This is my first time posting on this forum, you all seem very nice

So, about 2 months ago, I found out about ->-bleeped-<-, and some things started to make sense. But i'm not wholly sure I can go through a transition.
Basically now, I feel like a genderqueer, I dislike my body, and most things that define a "woman" don't apply to me. I dislike being called a "young woman" or anything referring to my gender. For example, I was working, and someone said "Watch out for the lady cleaning over there". It didn't feel like they were talking about me. My curves, my hair , it just doesn't seem to fit me at all. I'm not the caring, motherly type and the thought of having children scares me.
On the flipside, imagining life as a man excites me. I'd love to walk around shirtless and hang around with other guys, I'd love to be called "he" and "him" and have a boy name. So it seems that i'm a FtM,
But there are a lot of things stopping me from accepting this. I have a large family, a lot of which are religious. I worry about the amount of people that will turn away from me. I have a few friends too, which I'd like to think of as open-minded, but I just don't know how they're react if I told them how I felt. On a broader view, I think about anyone that has ever seen me as a girl and feel guilty, like i'm somehow misleading them.
As well as this, i'm only a teenager. If I did "come out" and start taking action to become a transman, only to realise it wasn't what I thought it would be, I think about how many people will tell me they told me so and I'm worried that even more people will abandon me because of it. Did anyone else have doubts like this? I'm especially worried about being wrong about this whole thing, as anything I will say on the matter will be so...final.

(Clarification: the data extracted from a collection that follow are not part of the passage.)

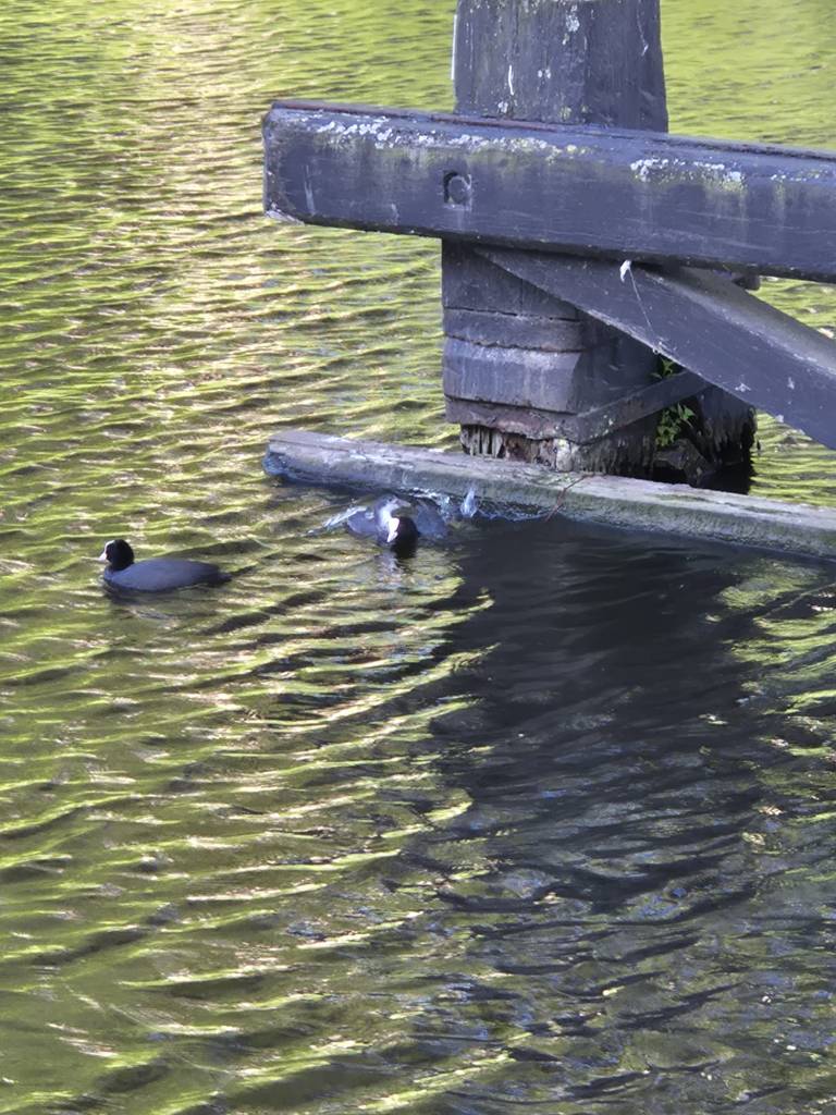 Voordat ik vertrek, neem ik nog even afscheid van mijn dagelijkse gezelschap: een meerkoetstelletje met hun kleintje.
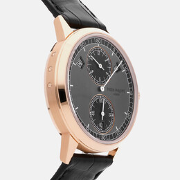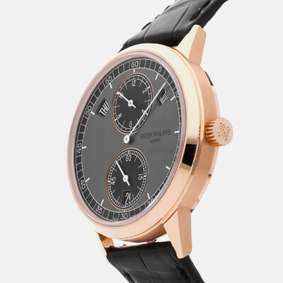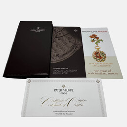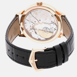 A pre-owned timepiece featuring an annual calendar complication requiring adjustment only once a year, an automatic mechanical movement ensuring precision without manual winding, and a regulator style display distinctly separating hours, minutes, and seconds. Measuring 40 mm in diameter, this men's watch exemplifies Patek Philippe's commitment to blending technical ingenuity with refined elegance.
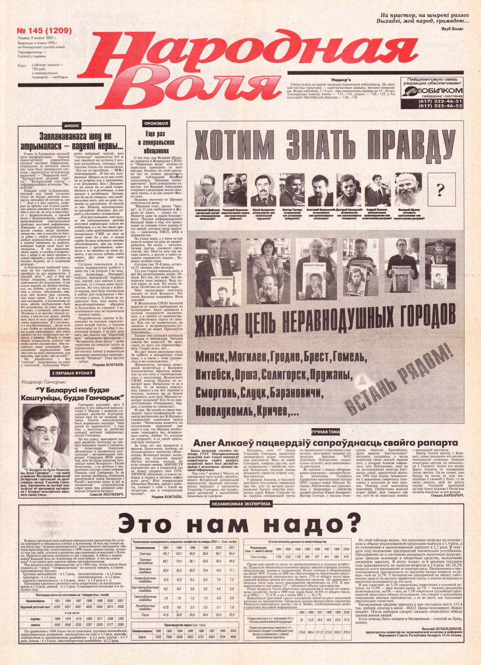 Народная Воля 145 (1209) 2001
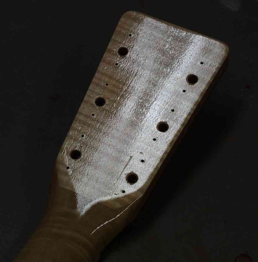 Die Poren der Korpusse und das Mahagoni des Halses müssen als Grundschicht gefüllt werden. Hierzu verwende ich einen Grain Filler der Firma Behlen. Da das farbliche abmischen nicht ganz leicht ist, können auch farblose Lackgrundierungen verwendet werden.
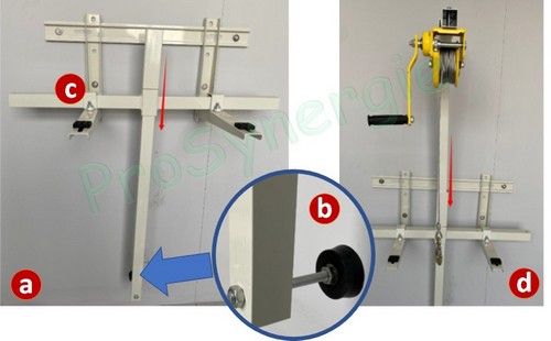 a : Pose des bras sur le support b : Tampon mural pour réglage de l’aplomb c : Fixation des bras sur le support avec vis et écrous fournis d : montage de la potence avec le treuil |
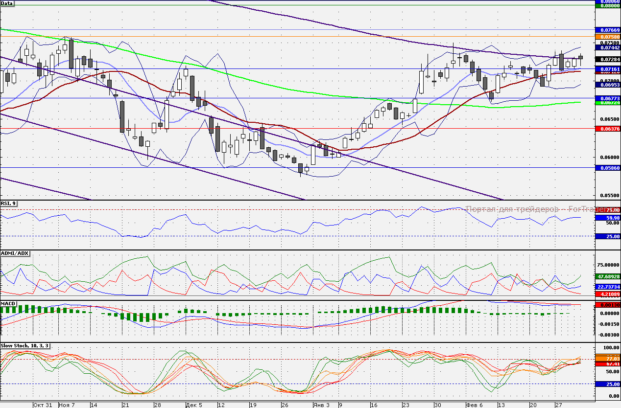 Акции банка закрылись на 200-дневной скользящей средней. Внешний фон располагает к тестированию поддержки, которой является район 10- дневной скользящей средней – 7,160 коп. От данной отметки стоит наращивать лишь внутридневные позиции.
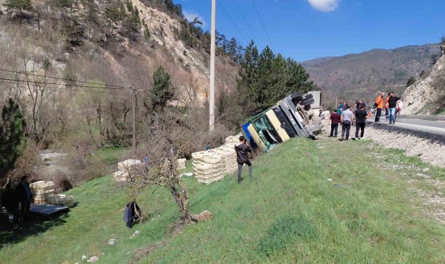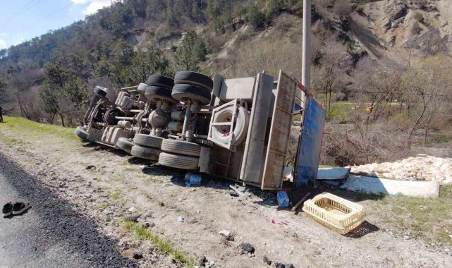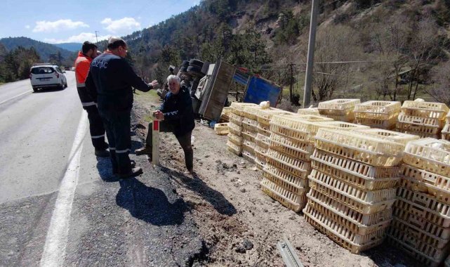 Bolu'nun Mudurnu ilçesinde canlı tavuk yüklü kamyon virajı alamayarak devrildi. Sürücünün yara almadan atlattığı kazada, araç kasasındaki onlarca tavuk telef oldu.

But there are cetain things about becoming a transman that I don't want, which confuses me even more (!). I don't want to pack, I don't want bottom surgery of any kind. If it makes sense, I want to be a man on first glance, but not completely change into one.
Any suggestions or advice as to what I should do would be greatly appreciated
And if this is all gobbledegook, forgive me. This is the first time i've admitted any of this to anyone.